__Record excerpts__.
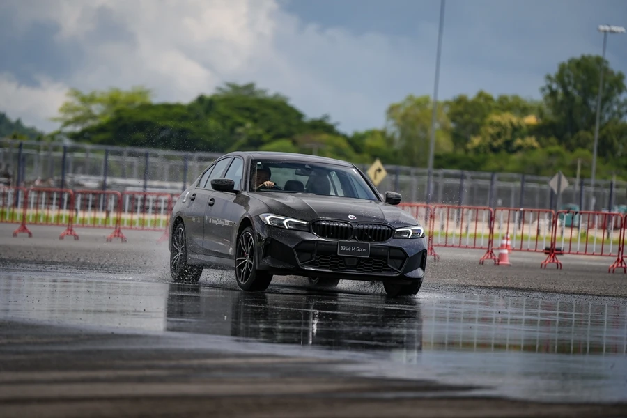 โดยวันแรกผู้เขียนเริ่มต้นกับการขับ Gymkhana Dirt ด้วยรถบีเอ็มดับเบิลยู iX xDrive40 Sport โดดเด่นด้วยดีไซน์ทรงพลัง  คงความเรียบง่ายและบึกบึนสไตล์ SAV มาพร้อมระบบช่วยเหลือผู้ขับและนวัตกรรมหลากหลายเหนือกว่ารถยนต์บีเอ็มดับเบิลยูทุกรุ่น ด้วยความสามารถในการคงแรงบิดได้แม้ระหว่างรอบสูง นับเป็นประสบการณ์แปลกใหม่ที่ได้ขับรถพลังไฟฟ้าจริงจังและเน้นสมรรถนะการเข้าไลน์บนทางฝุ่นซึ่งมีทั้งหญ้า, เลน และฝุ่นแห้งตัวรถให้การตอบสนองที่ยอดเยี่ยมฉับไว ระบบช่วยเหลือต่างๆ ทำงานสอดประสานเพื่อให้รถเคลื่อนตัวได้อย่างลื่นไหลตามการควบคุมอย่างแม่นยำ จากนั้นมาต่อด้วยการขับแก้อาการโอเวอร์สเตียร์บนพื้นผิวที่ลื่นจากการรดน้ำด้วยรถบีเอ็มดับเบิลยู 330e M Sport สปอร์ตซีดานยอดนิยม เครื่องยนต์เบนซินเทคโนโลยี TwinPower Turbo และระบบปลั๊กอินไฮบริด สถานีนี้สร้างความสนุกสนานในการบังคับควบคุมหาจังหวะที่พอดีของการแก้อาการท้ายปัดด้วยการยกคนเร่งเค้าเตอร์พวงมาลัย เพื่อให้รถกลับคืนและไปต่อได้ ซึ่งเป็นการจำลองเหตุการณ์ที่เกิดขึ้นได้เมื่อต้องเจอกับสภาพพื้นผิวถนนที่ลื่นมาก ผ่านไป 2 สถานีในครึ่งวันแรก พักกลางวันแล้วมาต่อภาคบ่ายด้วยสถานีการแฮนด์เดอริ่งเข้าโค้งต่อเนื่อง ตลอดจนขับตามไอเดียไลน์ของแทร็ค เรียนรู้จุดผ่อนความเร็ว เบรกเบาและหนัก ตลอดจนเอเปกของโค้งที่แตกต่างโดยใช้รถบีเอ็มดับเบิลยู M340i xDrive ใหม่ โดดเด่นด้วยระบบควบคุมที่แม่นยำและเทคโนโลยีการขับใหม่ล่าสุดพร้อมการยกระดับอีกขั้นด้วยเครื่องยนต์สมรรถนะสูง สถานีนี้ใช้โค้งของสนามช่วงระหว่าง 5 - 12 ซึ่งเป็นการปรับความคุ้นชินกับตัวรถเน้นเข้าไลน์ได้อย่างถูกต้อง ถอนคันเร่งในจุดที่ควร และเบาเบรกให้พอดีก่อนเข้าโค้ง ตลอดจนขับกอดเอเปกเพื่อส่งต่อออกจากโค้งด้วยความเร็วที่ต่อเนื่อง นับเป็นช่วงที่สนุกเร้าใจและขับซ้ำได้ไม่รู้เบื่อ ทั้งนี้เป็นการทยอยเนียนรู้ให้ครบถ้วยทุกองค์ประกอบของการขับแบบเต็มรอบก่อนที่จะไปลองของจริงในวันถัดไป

---

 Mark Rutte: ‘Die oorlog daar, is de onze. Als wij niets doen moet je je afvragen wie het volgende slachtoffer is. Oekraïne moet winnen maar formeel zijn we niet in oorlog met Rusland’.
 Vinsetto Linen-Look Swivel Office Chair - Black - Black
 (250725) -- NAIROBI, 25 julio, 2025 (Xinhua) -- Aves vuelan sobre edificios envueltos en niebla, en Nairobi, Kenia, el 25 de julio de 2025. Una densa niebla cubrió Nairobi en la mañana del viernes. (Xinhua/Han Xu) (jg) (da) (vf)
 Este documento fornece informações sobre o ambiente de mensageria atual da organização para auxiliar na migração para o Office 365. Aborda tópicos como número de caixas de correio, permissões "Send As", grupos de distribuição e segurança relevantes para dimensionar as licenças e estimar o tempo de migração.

__Problem details__. Every line of the listing that includes the word "Office" forms the answer.

__Output below__.
 Vinsetto Linen-Look Swivel Office Chair - Black - Black
 Este documento fornece informações sobre o ambiente de mensageria atual da organização para auxiliar na migração para o Office 365. Aborda tópicos como número de caixas de correio, permissões "Send As", grupos de distribuição e segurança relevantes para dimensionar as licenças e estimar o tempo de migração.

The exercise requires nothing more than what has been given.